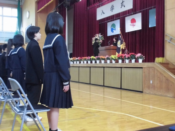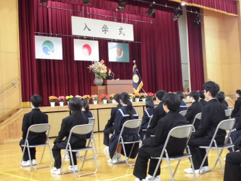 2・3年生が贈る拍手の中を、新入生が緊張した表情で入ってきました。
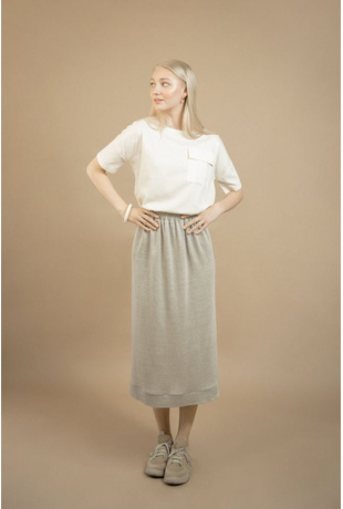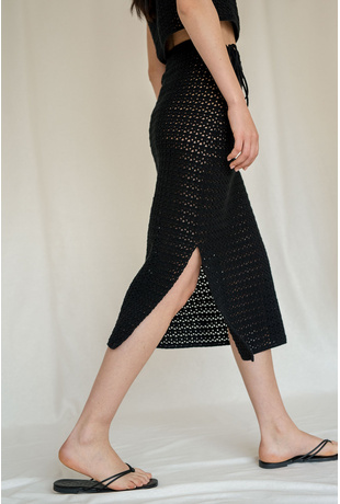 Featuring a mid-length design with an openwork stitch and a side slit placed just above the knee for extra freedom of movement, this skirt is a perfect addition to your wardrobe.
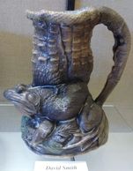David is a ceramics instructor at Salisbury University in Maryland. I'm loving the juxtaposition of the frog under this drinking vessel. Then there's the alligator impressions above the frog, and tiny shrimp are painted inside the mug.
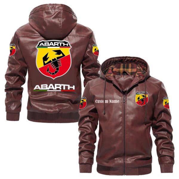 Custom Name Abarth PU Leather Hooded Jacket – Personalized Logo Car Motorcycle Model

=== WORK ITEM ===
Copy out the material above in full and exactly, but with no pictures.

=== RESULT OF THIS EXERCISE ===
 2・3年生が贈る拍手の中を、新入生が緊張した表情で入ってきました。
 Featuring a mid-length design with an openwork stitch and a side slit placed just above the knee for extra freedom of movement, this skirt is a perfect addition to your wardrobe.
David is a ceramics instructor at Salisbury University in Maryland. I'm loving the juxtaposition of the frog under this drinking vessel. Then there's the alligator impressions above the frog, and tiny shrimp are painted inside the mug.
 Custom Name Abarth PU Leather Hooded Jacket – Personalized Logo Car Motorcycle Model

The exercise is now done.